Set the material down again exactly, line by line, skipping each picture.

-------- Records supplied

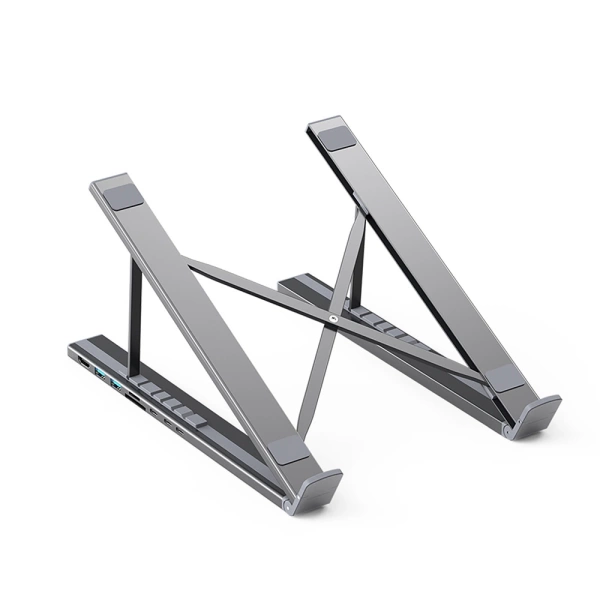 Podstawka pod laptopa Choetech HUB-M48 pozwala na ustawienie laptopa pod odpowiednim kątem. W dolnej części podstawki znajdują się dwa gniazda USB-A o przepustowości do 5 Gb/s, gniazdo HDMI umożliwiające wyświetlanie obrazu w wysokiej rozdzielczości 4K 30 Hz oraz trzy gniazda USB-C. Podstawka pod laptopa Choetech HUB-M48 posiada również wejścia na kartę SD i TF.
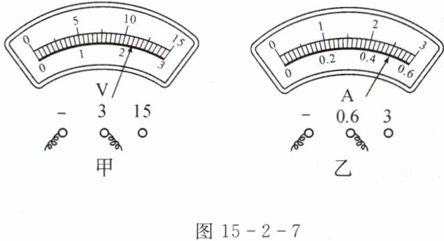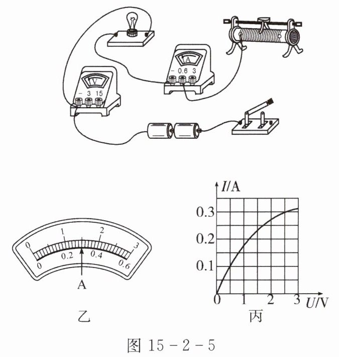 10. 在如图15-2-5所示“测量小灯泡电功率”的实验中,小灯泡的额定电压为2.5 V,滑动变阻器上标有“10$\Omega$ 1 A”的字样。
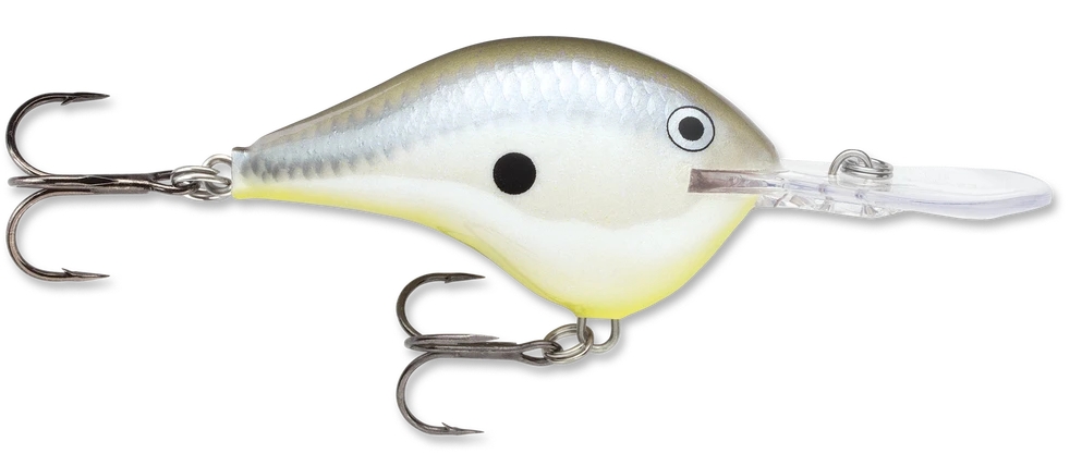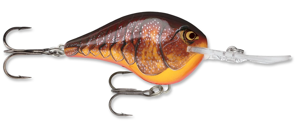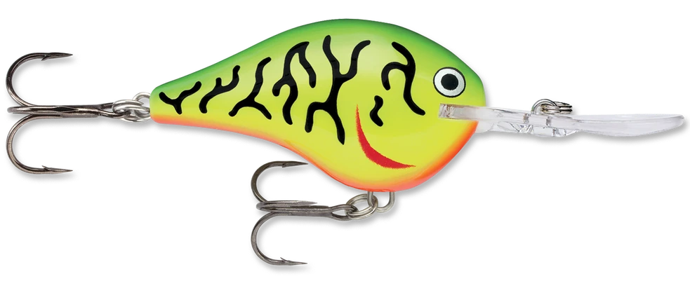 The Rapala DT10 (Dives-To) series of crankbaits dives fast to a preset 10 foot depth and stay in the “strike zone” longer than any than other crankbait on the market. Made from the top seven percent of balsa wood, this consistently perfect wood combined with carefully placed internal weights, tapered fuselage and thin tail design creates the ultimate crankbait action, found only in the DT family. Ultra-thin polycarbonate lip digs the bait down quickly to desired depth. Swimming with a side-to-side action only balsa crankbaits can achieve, the DT cranks deep, yet pulls with ease.
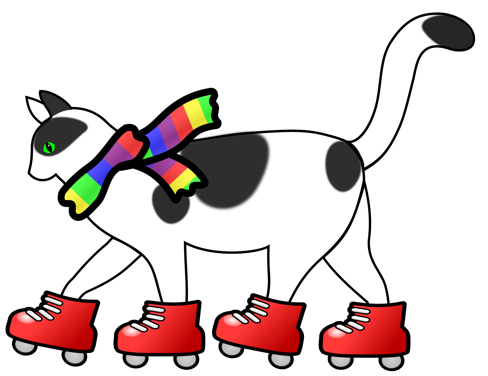 - roller skate skate skating cat feline cartoon wheel wheels funny motion scarf cool remix+9781 remix+109783 animal rollerskate
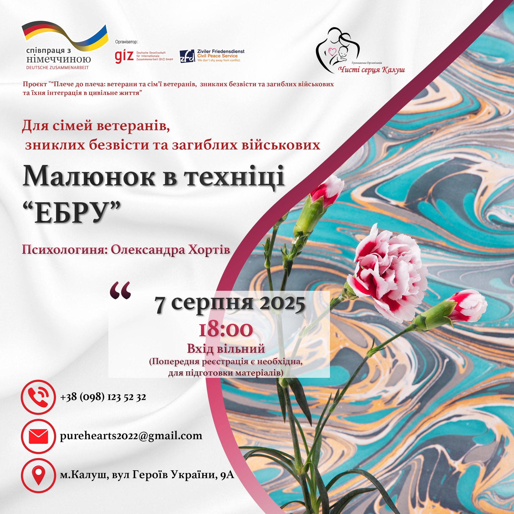 Малюнок в техніці “ЕБРУ” будуть створювати 7 серпня. До участі запрошують сім’ї ветеранів, зниклих безвісти та загиблих військових. Заняття проводитиме психологиня Олександра Хортів. Початок — о 18:00 на базі простору ГО “Чисті серця Калуш” (вул. Героїв України, 9А).
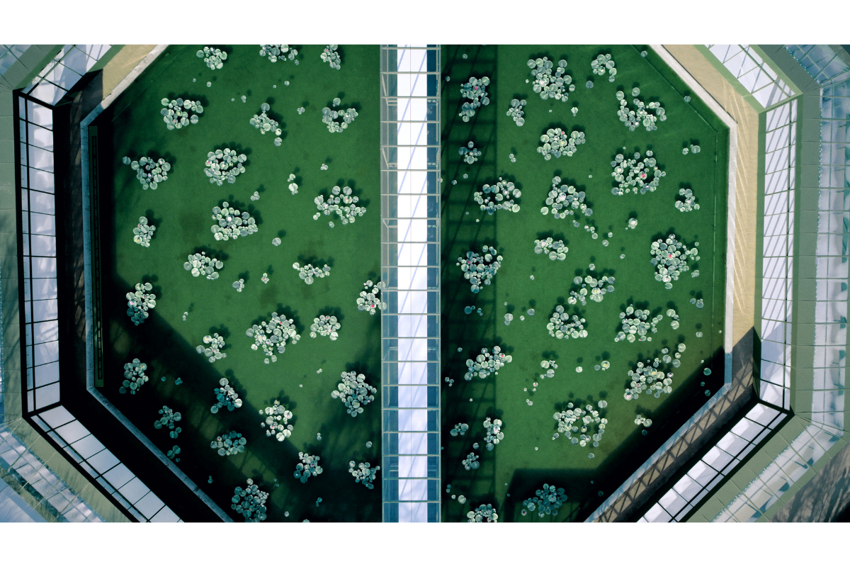 ディオールのウィメンズコレクションの舞台として恒例となったチュイルリー庭園。今回のショーでは、バッサン・オクトゴナルを囲むグリーンのベンチや、池に浮かぶ睡蓮など、モネやスーラを想起させる風景が広がりながらも、どこかシュルレアリスティックなイミテーションの庭園が立ち現れた。
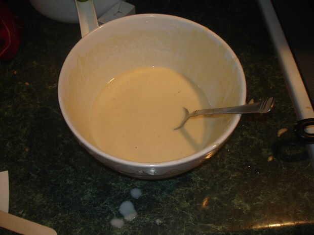 los principales ingredientes en un bol grande se mezclan con su bate. Asegúrese de que no queden grumos izquierda
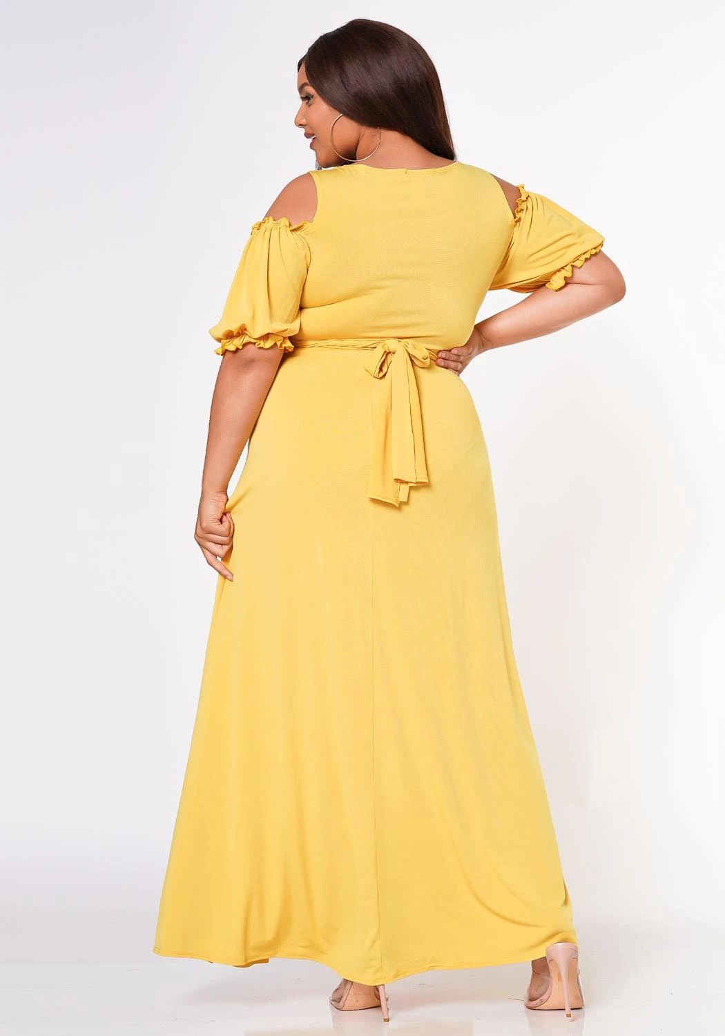 Gorgeous plus size women’s matching set which features a cold shoulder, short sleeve, v-neck, tie front crop top and a high waist double slit hem maxi flare skirt.
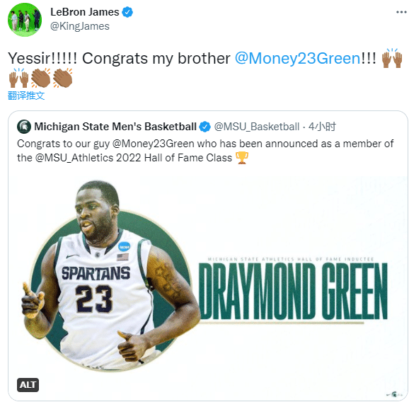来源:24直播网07-13 17:2924直播网07月13日讯 ,今日美国密歇根州立大学男篮官方宣布,勇士球员德拉蒙德-格林正式入选该校名人堂;湖人球星詹姆斯为他送上祝贺,发推写道:太棒啦!!恭喜我的兄弟!
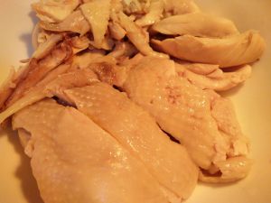第三步将冷却好的鸡肉,拿出切块摆盘
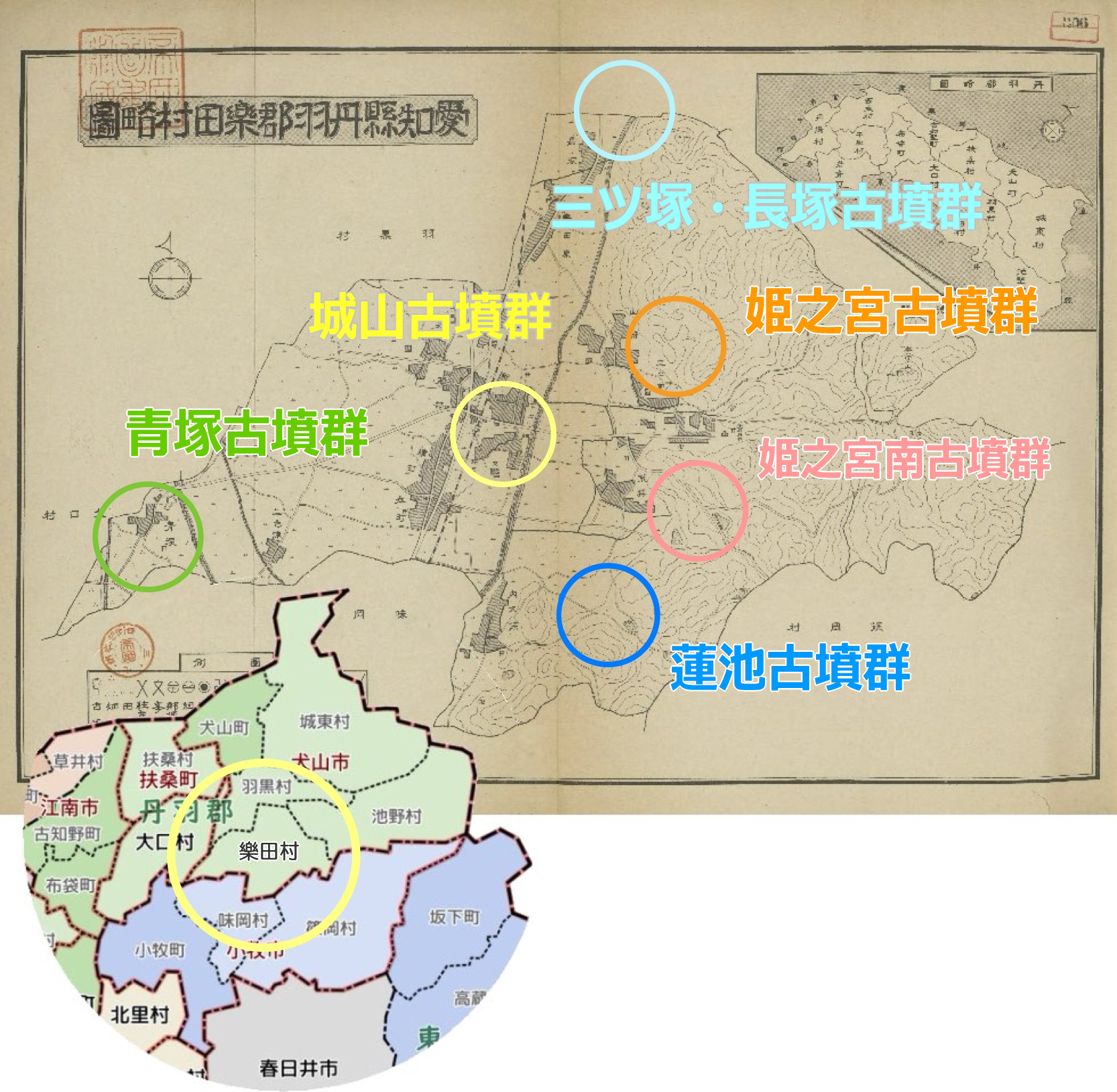 愛知県の楽田村は東日本最大の古墳密集地と記事主は解しています。例えば小牧長久手の戦いで、太閤秀吉の本陣にもなった楽田城の周囲には20基以上の前方後円墳が密集しています。
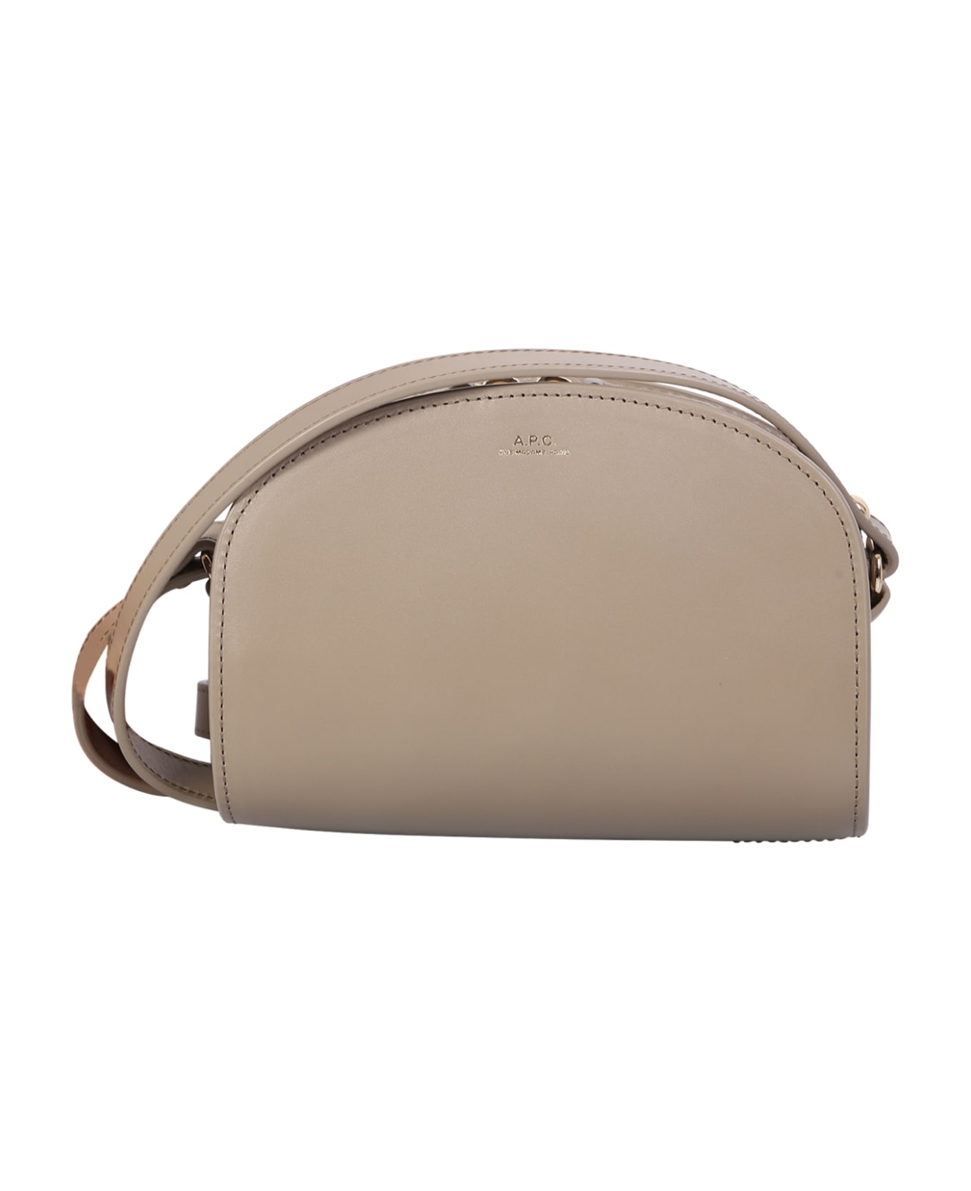 Curve-edge body. Engraved logo. Top zip fastening. Main compartment. Adjustable shoulder strap. Color: beige
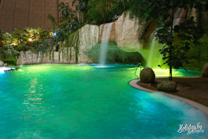 Внутри аквапарка постоянно поддерживается комфортная температура и воссоздан климат тропического леса, поэтому, прогуливаясь по аллее вреди тропических растений чувствуешь себя действительно где-то в джунглях. Все растения тут настоящие, по территории летают, бегают и прыгают тропические животные и птицы. Экзотические попугаи чувствуют себя как на воле. Тут найдут для себя развлечение и взрослые и дети и любители тихого спокойного отдыха и те, кто без экстрима не может и дня провести.
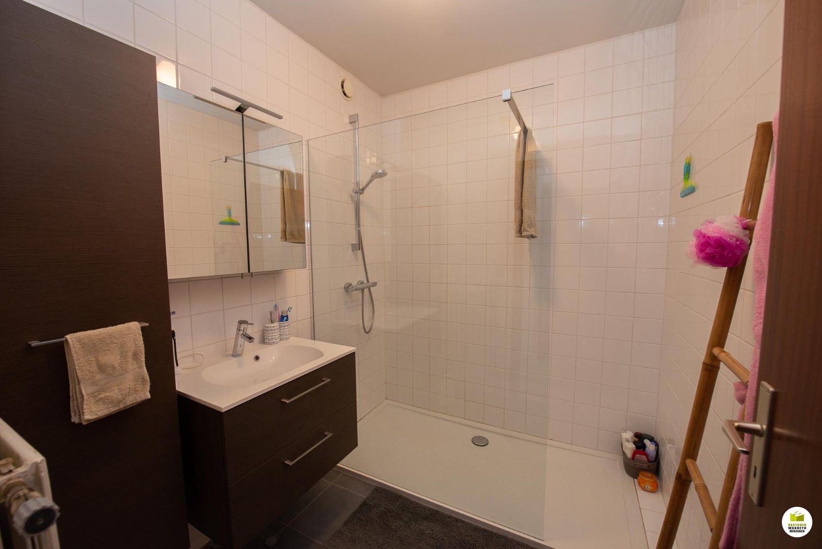 Appartement op 1ste verdiep met lichtrijke leefruimte, keukenhoek met fornuis en frigo met diepvriesvak, berging/wasplaats, afzonderlijk toilet, badkamer met lavabo en inloopdouche, 2 slaapkamers (13,5m2 en 10m2) met toegang tot balkon met berging. Garagebox inbegrepen in prijs! Syndic: €25/maand (incl brandverzekering!). Vrij vanaf 01//07/2021. Zeer centrale ligging en goede bereikbaarheid: vlakbij het vernieuwde station, E40 en winkels. Voor meer info of bezoek: 050/70 34 35
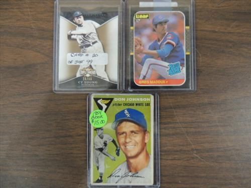 LOT 3 (1) 1954 TOPPS #146 BASEBALL CARD DOM JOHNSON, 2009 TOPPS #18 LIMITED EDITION BASEBALL CARD CY YOUNG. 20/99, 1987 LEAF #36 BASEBALL ROOKIE CARD GREG MADDUX. AS SHOWN. VIEW PICTURE FOR DETAIL.

----------------

*Completed task*:
 Podstawka pod laptopa Choetech HUB-M48 pozwala na ustawienie laptopa pod odpowiednim kątem. W dolnej części podstawki znajdują się dwa gniazda USB-A o przepustowości do 5 Gb/s, gniazdo HDMI umożliwiające wyświetlanie obrazu w wysokiej rozdzielczości 4K 30 Hz oraz trzy gniazda USB-C. Podstawka pod laptopa Choetech HUB-M48 posiada również wejścia na kartę SD i TF.
 10. 在如图15-2-5所示“测量小灯泡电功率”的实验中,小灯泡的额定电压为2.5 V,滑动变阻器上标有“10$\Omega$ 1 A”的字样。
 The Rapala DT10 (Dives-To) series of crankbaits dives fast to a preset 10 foot depth and stay in the “strike zone” longer than any than other crankbait on the market. Made from the top seven percent of balsa wood, this consistently perfect wood combined with carefully placed internal weights, tapered fuselage and thin tail design creates the ultimate crankbait action, found only in the DT family. Ultra-thin polycarbonate lip digs the bait down quickly to desired depth. Swimming with a side-to-side action only balsa crankbaits can achieve, the DT cranks deep, yet pulls with ease.
 - roller skate skate skating cat feline cartoon wheel wheels funny motion scarf cool remix+9781 remix+109783 animal rollerskate
 Малюнок в техніці “ЕБРУ” будуть створювати 7 серпня. До участі запрошують сім’ї ветеранів, зниклих безвісти та загиблих військових. Заняття проводитиме психологиня Олександра Хортів. Початок — о 18:00 на базі простору ГО “Чисті серця Калуш” (вул. Героїв України, 9А).
 ディオールのウィメンズコレクションの舞台として恒例となったチュイルリー庭園。今回のショーでは、バッサン・オクトゴナルを囲むグリーンのベンチや、池に浮かぶ睡蓮など、モネやスーラを想起させる風景が広がりながらも、どこかシュルレアリスティックなイミテーションの庭園が立ち現れた。
 los principales ingredientes en un bol grande se mezclan con su bate. Asegúrese de que no queden grumos izquierda
 Gorgeous plus size women’s matching set which features a cold shoulder, short sleeve, v-neck, tie front crop top and a high waist double slit hem maxi flare skirt.
来源:24直播网07-13 17:2924直播网07月13日讯 ,今日美国密歇根州立大学男篮官方宣布,勇士球员德拉蒙德-格林正式入选该校名人堂;湖人球星詹姆斯为他送上祝贺,发推写道:太棒啦!!恭喜我的兄弟!
第三步将冷却好的鸡肉,拿出切块摆盘
 愛知県の楽田村は東日本最大の古墳密集地と記事主は解しています。例えば小牧長久手の戦いで、太閤秀吉の本陣にもなった楽田城の周囲には20基以上の前方後円墳が密集しています。
 Curve-edge body. Engraved logo. Top zip fastening. Main compartment. Adjustable shoulder strap. Color: beige
 Внутри аквапарка постоянно поддерживается комфортная температура и воссоздан климат тропического леса, поэтому, прогуливаясь по аллее вреди тропических растений чувствуешь себя действительно где-то в джунглях. Все растения тут настоящие, по территории летают, бегают и прыгают тропические животные и птицы. Экзотические попугаи чувствуют себя как на воле. Тут найдут для себя развлечение и взрослые и дети и любители тихого спокойного отдыха и те, кто без экстрима не может и дня провести.
 Appartement op 1ste verdiep met lichtrijke leefruimte, keukenhoek met fornuis en frigo met diepvriesvak, berging/wasplaats, afzonderlijk toilet, badkamer met lavabo en inloopdouche, 2 slaapkamers (13,5m2 en 10m2) met toegang tot balkon met berging. Garagebox inbegrepen in prijs! Syndic: €25/maand (incl brandverzekering!). Vrij vanaf 01//07/2021. Zeer centrale ligging en goede bereikbaarheid: vlakbij het vernieuwde station, E40 en winkels. Voor meer info of bezoek: 050/70 34 35
 LOT 3 (1) 1954 TOPPS #146 BASEBALL CARD DOM JOHNSON, 2009 TOPPS #18 LIMITED EDITION BASEBALL CARD CY YOUNG. 20/99, 1987 LEAF #36 BASEBALL ROOKIE CARD GREG MADDUX. AS SHOWN. VIEW PICTURE FOR DETAIL.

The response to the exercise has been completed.